The motor insulation is breaking down or a winding is shorted. The motor draws excessive current even though the mechanical load is normal.

What you'll see

Overload trips but the airend turns freely by hand. Motor current is unbalanced between phases or significantly higher than nameplate rating. The motor might smell like burnt insulation. Starting current is excessively high (almost three times what it should be).
Before you assume this is the problem

Check for voltage imbalance at the supply first -- the problem might be upstream, not in the motor. Also check that the relay itself isn't worn. See: Voltage Drop, Worn Relay.
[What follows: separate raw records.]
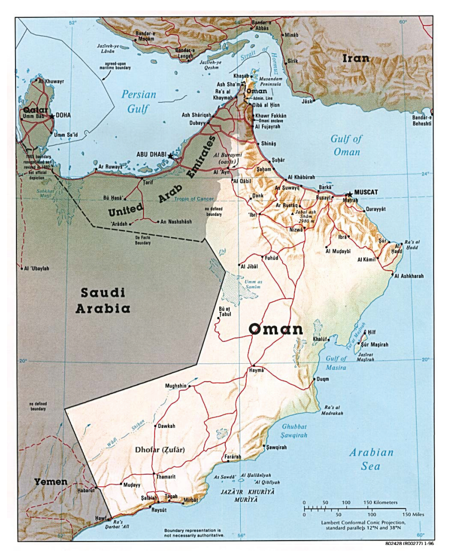
Figure 1.—Oman's Batinah coast: the northern coastal strip along the Gulf of Oman. (Source: http://athaia.org/oman-map.html oman_relief.jpg).

Statistical data (MAF, 2010) reveals that around 40 percent of Batinah fishermen reside in the southern Wilayat of Barka, Masana'a, and Suwaiq, while the remaining 60 percent reside in the northern Wilayat of Shinas, Liwa, Sohar, Saham, and Khabora. These fishermen mainly depend on the fish landings on the Batinah coast for their subsistence (Belwal et al., 2012).
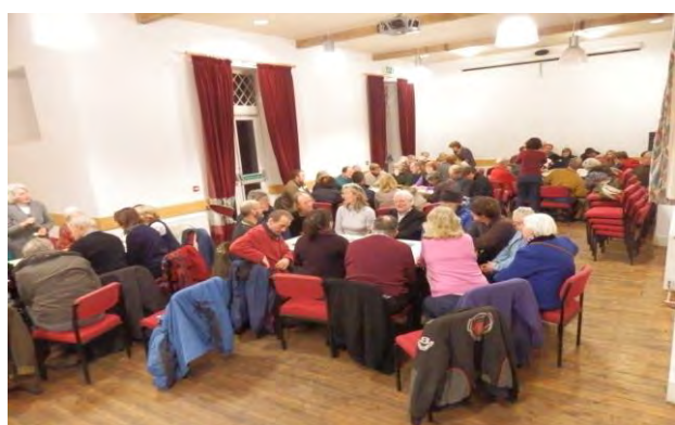
Fig 2 – First public event, January 2013

The first public meeting took place in January 2013. Fig. 2. Its main purpose was to launch the process publicly, identify important issues and formally establish a Steering Group. The opportunity was also taken to gather in the thoughts of attendees on what they valued most about the parish and to log their key concerns and aspirations.
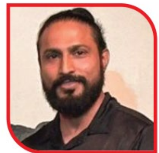
Ajeet Pro Ultimate Gyms, Mahavir Enclave
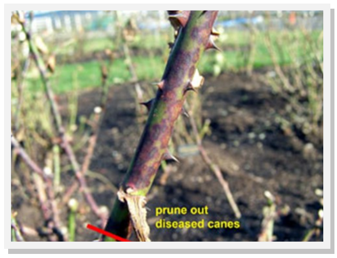
Prune out diseased canes. Again, the overall goal with rose pruning is to open up the center of the bush to allow for better air circulation and remove older wood. Maintaining a youthful, clean rose plant is the best way to keep your rose healthy and productive.
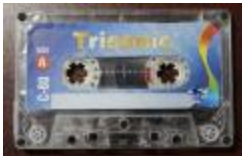
Worton Point African American Schoolhouse Museum Tape 37 (CH_CA_2021_SC_014_264)
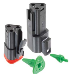
3-Circuit ML-XT System
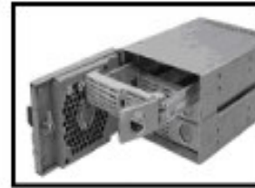
Fig.4a for CKDF

2. Use the miniature key and insert into the key hole to eject handle. (Fig.3)
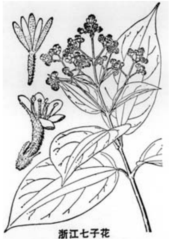
Illustration of an inflorescence, a single flower, and a fruit of Heptacodium jasminoides as rendered in Volume 4 of Iconographia Cormophytorum Sinicorum (see the "Bibliography and Iconography").

On nursery plants exposed to full sun, the leaves fell away without any change in color, however, except perhaps for the slightest tinge of yellow. However, rooted cuttings that grew nearby in quart-sized plastic containers and provided with light shade did turn a splendid shade of muted purple. What caused this color? Was it moisture stress,
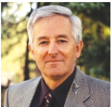
Chapman: 'I recommend that producers use an effective chemical drug to help clean up any Eimeria still present in the house.'

"Summertime, and the livin' is easy." So goes the song from a Broadway musical. Coincidentally, that line sums up perfectly the seasonal significance of a major poultry protozoan disease.

See all causes of overload relay trips →

How to diagnose

  1. Megger test the motor insulation

    Use an insulation resistance tester (megger) at about 1000V. Measure resistance between each phase and ground, and between phases. It should be in the mega-ohms. Low readings indicate insulation breakdown.
    Result: Below 1 mega-ohm = insulation failure.
  2. Check winding resistance balance

    Measure resistance between pairs of motor terminals. All three should be approximately equal (within 5%). A significant difference indicates a shorted or open winding.
    Result: Unequal resistance = winding fault.

How to fix it

  1. Motor rewind or replacement

    A motor with failed insulation needs rewinding or replacement. Send it to a motor shop for evaluation. Rewinding is usually cheaper than replacement for larger motors.

Common mistakes

Don't assume the motor is fine just because it runs. A partially shorted winding will run but draw excessive current and eventually burn out completely. Catch it early with a megger test.

Parts & tools

Insulation resistance tester (megger). Multimeter for winding resistance. Clamp meter for current measurement.

Review safety precautions before starting →

Safety

Lock out/tag out before testing motor insulation.